Nucleus as a cell organelle was first described by Robert Brown as early as 1831. Later the material of the nucleus stained by the basic dyes was given the name chromatin by Flemming. The interphase nucleus (nucleus of a cell when it is not dividing) has highly extended and elaborate nucleoprotein fibres called chromatin, nuclear matrix and one or more spherical bodies called nucleoli (sing.: nucleolus).
Electron microscopy has revealed that the nuclear envelope, which consists of two parallel membranes with a space between (10 to 50 nm) called the perinuclear space, forms a barrier between the materials present inside the nucleus and that of the cytoplasm. The outer membrane usually remains continuous with the endoplasmic reticulum and also bears ribosomes on it.
At a number of places the nuclear envelope is interrupted by minute pores, which are formed by the fusion of its two membranes. These nuclear pores are the passages through which movement of RNA and protein molecules takes place in both directions between the nucleus and the cytoplasm. Normally, there is only one nucleus per cell, variations in the number of nuclei are also frequently observed.
Some mature cells even lack nucleus, e.g., erythrocytes of many mammals and sieve tube cells of vascular plants. The nuclear matrix or the nucleoplasm contains nucleolus and chromatin. The nucleoli are spherical structures present in the nucleoplasm. The content of nucleolus is continuous with the rest of the nucleoplasm as it is not a membrane bound structure. It is a site for active ribosomal RNA synthesis. Larger and more numerous nucleoli are present in cells actively carrying out protein synthesis.

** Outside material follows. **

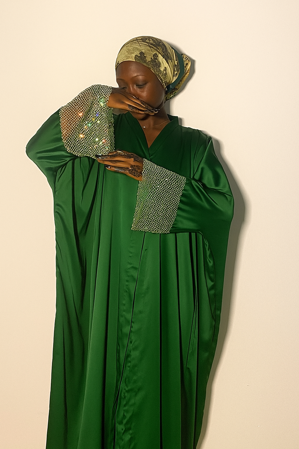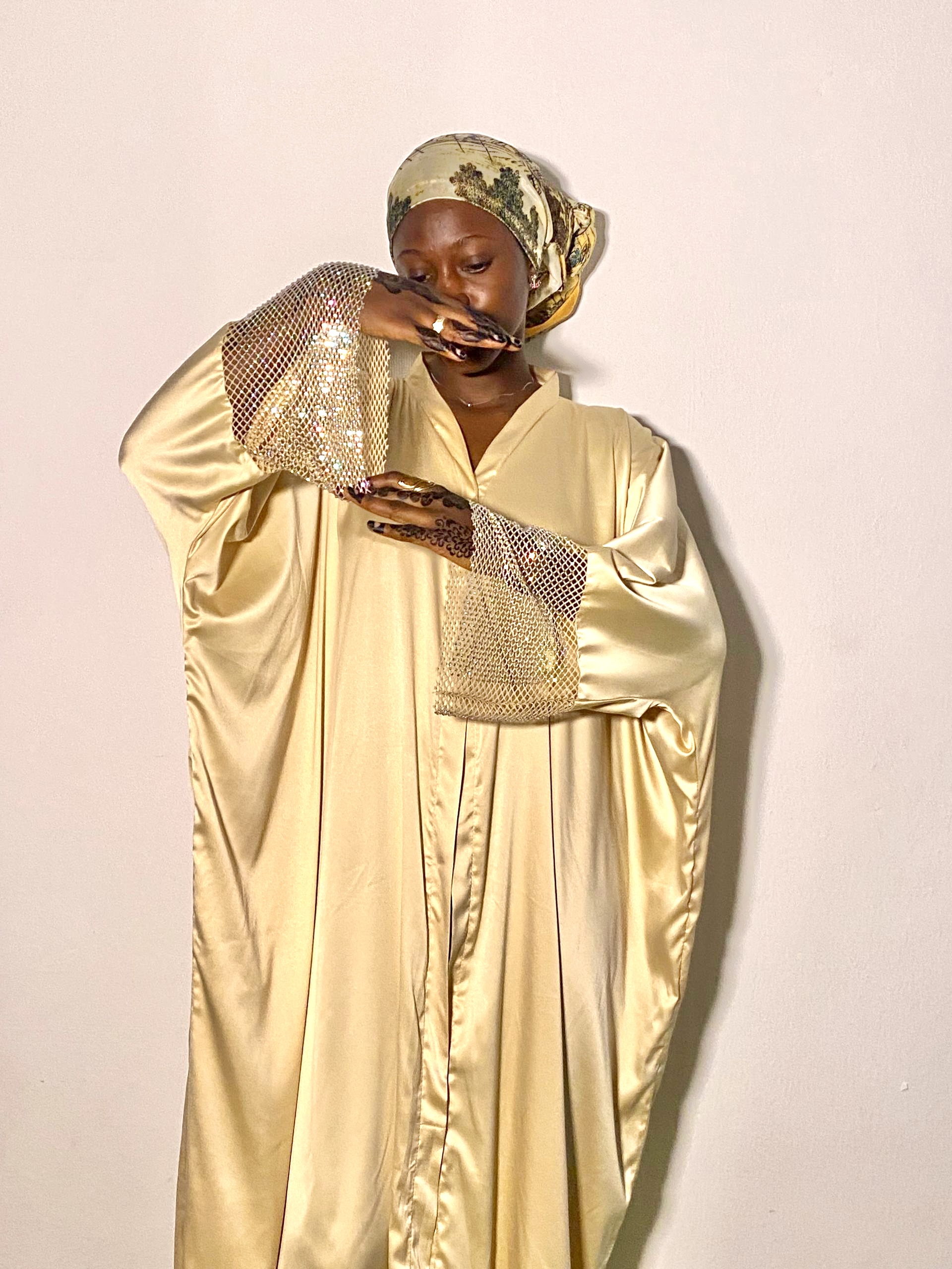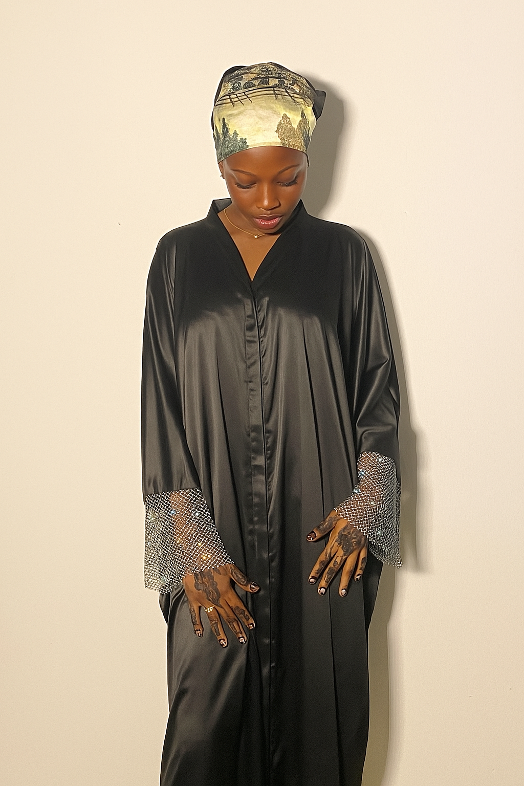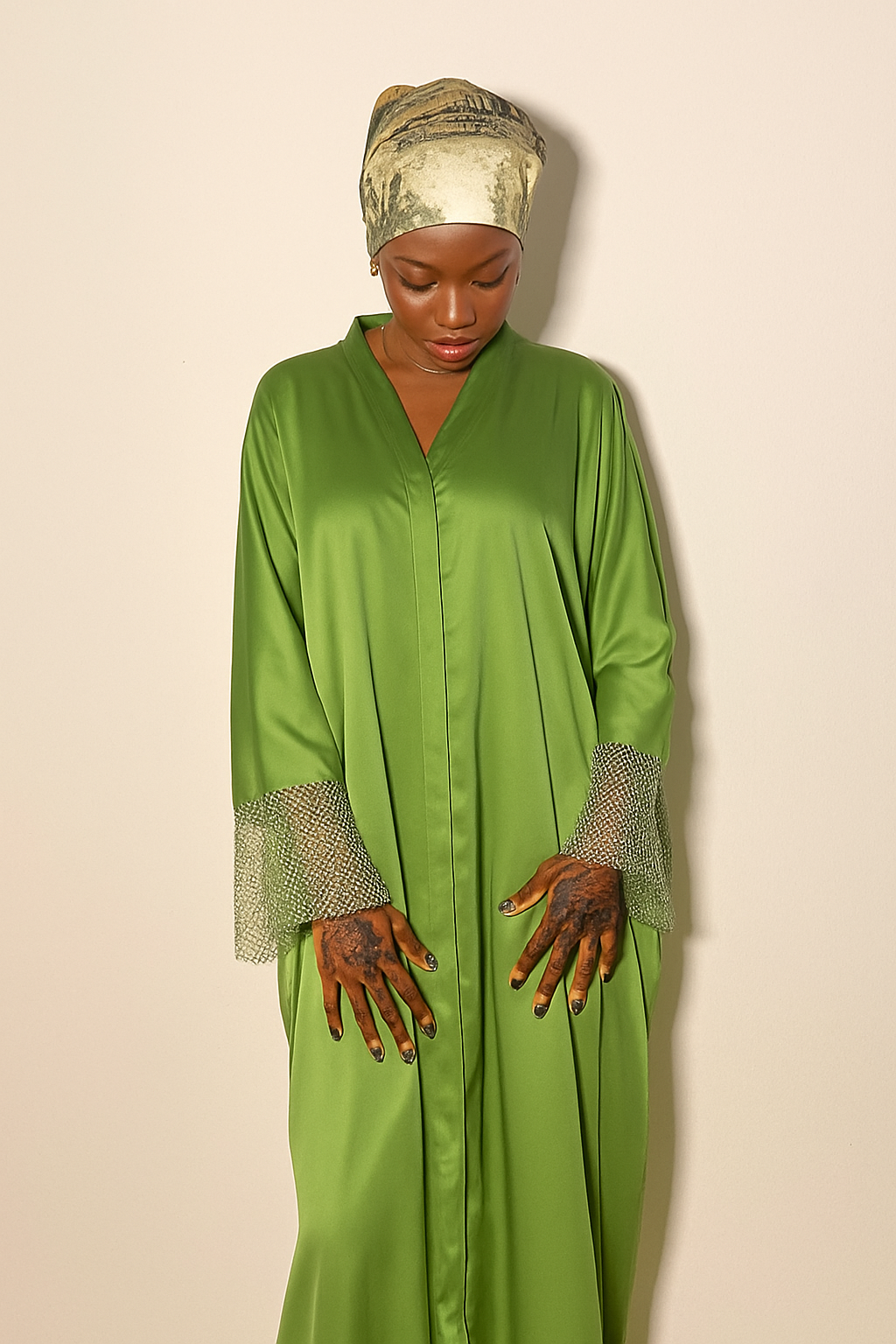A sleek boubou-like abaya with a minimalist feature of stoned net on the sleeve as the main attraction and size free silhouette giving beauty in simplicity. (Veil not included)

You may recall that the interphase nucleus has a loose and indistinct network of nucleoprotein fibres called chromatin. But during different stages of cell division, cells show structured chromosomes in place of the nucleus. Chromatin contains DNA and some basic proteins called histones, some non-histone proteins and also RNA.
A single human cell has approximately two metre long thread of DNA distributed among its forty six (twenty three pairs) chromosomes. Every chromosome essentially has a primary constriction or the centromere on the sides of which disc shaped structures called kinetochores are present.
Based on the position of the centromere, the chromosomes can be classified into four types.
- The metacentric chromosome has middle centromere forming two equal arms of the chromosome.
- The sub-metacentric chromosome has centromere nearer to one end of the chromosome resulting into one shorter arm and one longer arm.
- The Acrocentric chromosome has centromere is situated close to its end forming one extremely short and one very long arm, whereas the telocentric chromosome has a terminal centromere.
Sometimes a few chromosomes have non-staining secondary constrictions at a constant location. This gives the appearance of a small fragment called the satellite.